A bonus that I learn from answering the question is if the following conditions hold:

\begin{align*} \text{A. }& a_1 \geq \ldots \geq a_{p},\\ \text{B. }& b_1 \geq \ldots \geq b_{p}, \\ \text{C. }& \sum_{i=1}^k b_i \leq \sum_{i=1}^k a_i, \forall k \in \left\{1,\ldots,p\right\}, \\ \end{align*}

Then we have $$\sum_{i=1}^k \exp(b_i) \leq \sum_{i=1}^k \exp(a_i), \forall k \in \left\{1,\ldots,p\right\}.$$


An alternative proof which is based on more standard technology is as follows. First observe that for any $A$ and $B$, there exists a unitary matrix $U$ such that $$ ||AB||_1=|\mathrm{Tr}((AU)^\dagger B)|. $$ Indeed consider the singular value decomposition $$AB=\sum_i \sigma_i(AB)a_i(AB)b_i(AB)^\dagger,$$ where the singular values $\sigma_i(AB)$ are positive and listed in decreasing order and $a_i$ and $b_i$ are orthonormal sets of vectors.
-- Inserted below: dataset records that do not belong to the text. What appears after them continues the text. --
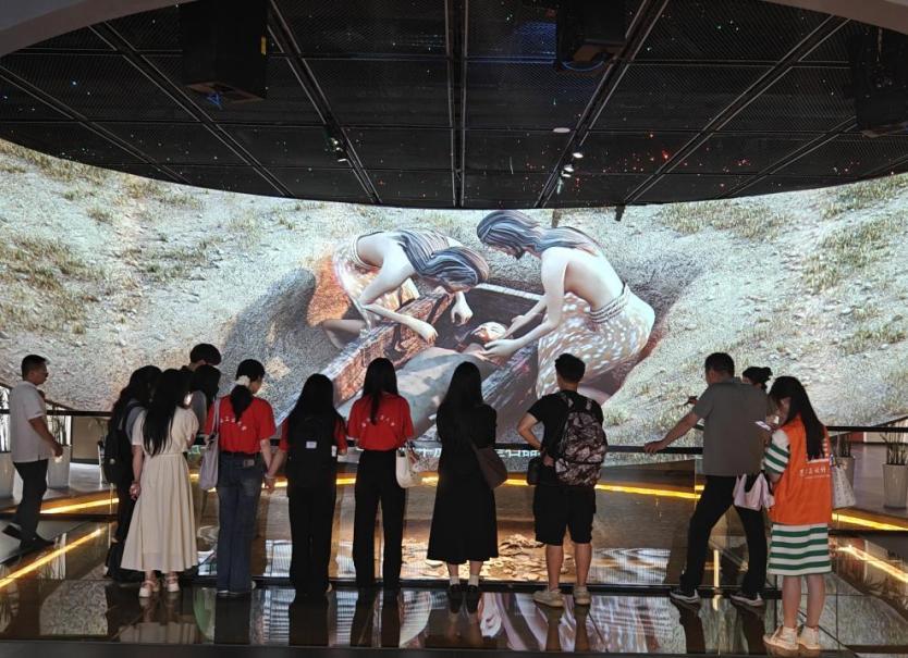 在数字体验区,队员们通过虚拟现实技术目睹了先民以玉祭天的神圣场景。裸眼3D技术将玉鹰纹饰拆解重组,八角星纹中的数学奥秘在光影变幻中被层层揭示。戴堃同学在体验后感慨:“数字化让文明变得可触可感,我们仿佛能听到远古先民的‘文化心跳’,这为思政教学提供了生动素材。”调研结束后,实践队成员张兆华同学不禁感叹:“站在5300-5800年前的文物前,我不仅惊叹于先民的工艺,更思考着社会组织能力。凌家滩遗址博物馆用1100件文物、4000平方米展厅和前沿数字技术,向我们讲述着中华文明五千多年的故事。”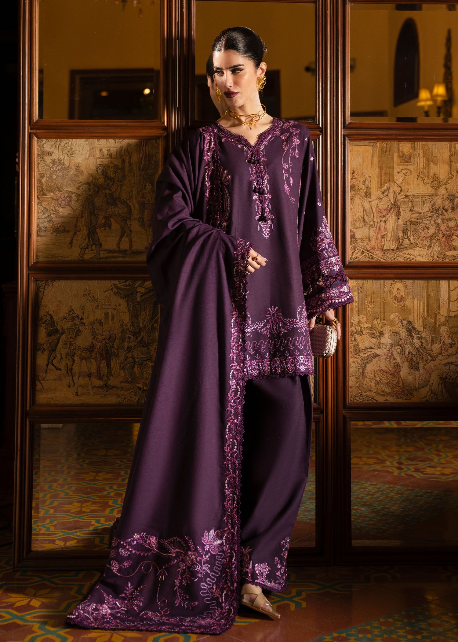 Step into effortless elegance with this rich plum karandi ensemble, featuring a short shirt with a graceful round daman, adorned with intricate self-tone embroidery for a subtle yet sophisticated appeal. The look is paired with a beautifully embroidered farshi shalwar, adding traditional charm and gentle volume to the silhouette. A coordinating karandi embroidered dupatta completes the outfit, making it an ideal choice for refined winter soirées or intimate festive gatherings.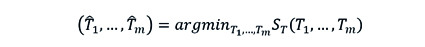 En general, como el método de estimación considerado se basa en el principio de mínimos cuadrados, para cada m-ésima partición (T1,...,Tm ) , denotado {Ti}, las estimaciones asociadas de αi y βi se denotan como α̂ ({Ti}) y β̂ ({Ti}). Sustituyendo éstas en la función objetivo y denotando el resultado de la suma de los residuos al cuadrado como ST (T1,…,Tm ) y los puntos de quiebre estimados como (T̂ 1,…,T̂ m ), tenemos que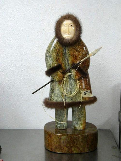 Michael Scott Soapstone Man w/ Fossil Ivory Face20" tall trimmed in Mink, sinew and wooden spear w/ wooden tip (2)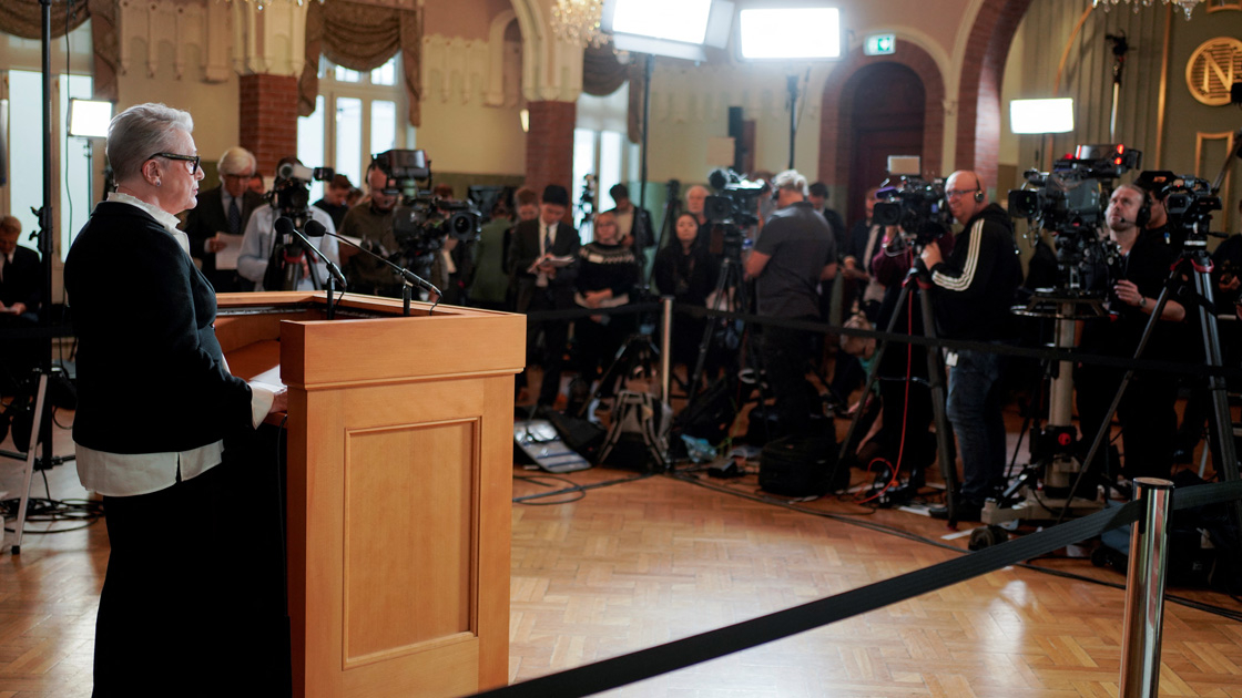 L'annuncio del premio Nobel per la Pace 2022. Foto: Reuters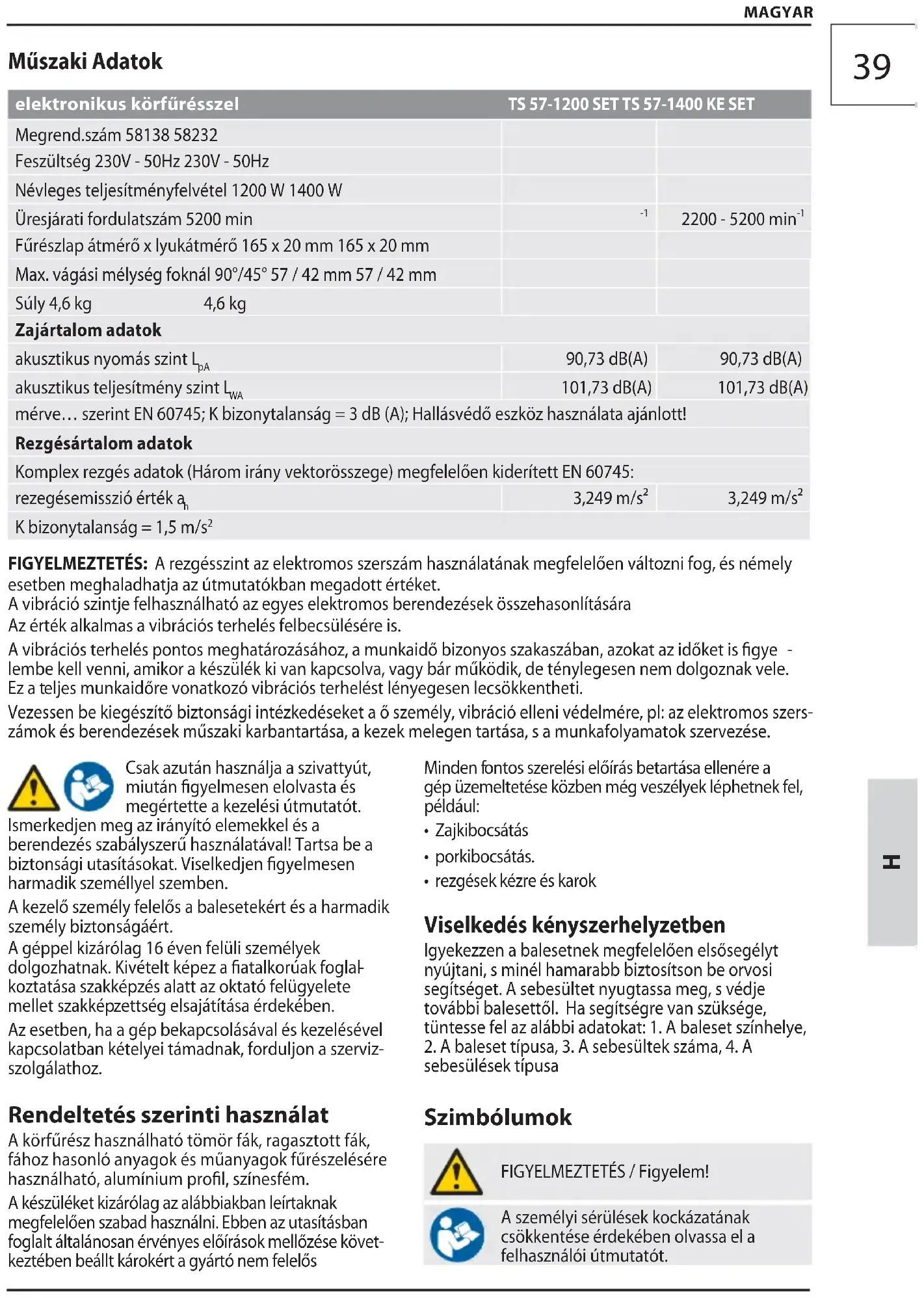 MAGYAR Műszaki Adatok elektronikus körfűrésszel TS 57-1200 SET TS 57-1400 KE SET Megrend.szám 58138 58232 Feszültség 230V - 50Hz 230V - 50Hz Névleges teljesítményfelvétel 1200 W 1400 W Üresjárati fordulatszám 5200 min

We may then take $U$ to be any unitary such that $U^\dagger a_i(AB)=b_i(AB)$ for all $i$. Therefore, since $||AU||_p=||A||_p$ for any unitary $U$, the result will be proved if we can show that $$ |\mathrm{Tr}(A^\dagger B)|\leq||A||_p||B||_q $$ for all $A$ and $B$ (this inequality is also referred to as Holder's inequality for Schatten norms). The proof of this inequality follows first by applying von Neumann's trace inequality, which says that $$|\mathrm{Tr}(A^\dagger B)|\leq\sum_i\sigma_i(A)\sigma_i(B),$$ with the singular values again listed in decreasing order, and then the classical Holder's inequality for $L_p$ spaces, which says that for two complex vectors $n_i$ and $m_i$ we have $$\sum_i|n_i||m_i|\leq (\sum_i |n_i|^p)^{1/p}(\sum_i|m_i|^q)^{1/q}.$$ The classical Holder inequality is proven using Young's inequality $$ab\leq a^p/p+b^q/q,$$ which holds for all $a,b\geq 0$ and $p\geq 1$, $1/p+1/q=1$. The proof of von Neumann's inequality is more involved, one relatively accessible proof by Mirsky based on doubly stochastic matrices (which has some relation to the proof given in the other answer here) is given in: https://link.springer.com/article/10.1007/BF01647331.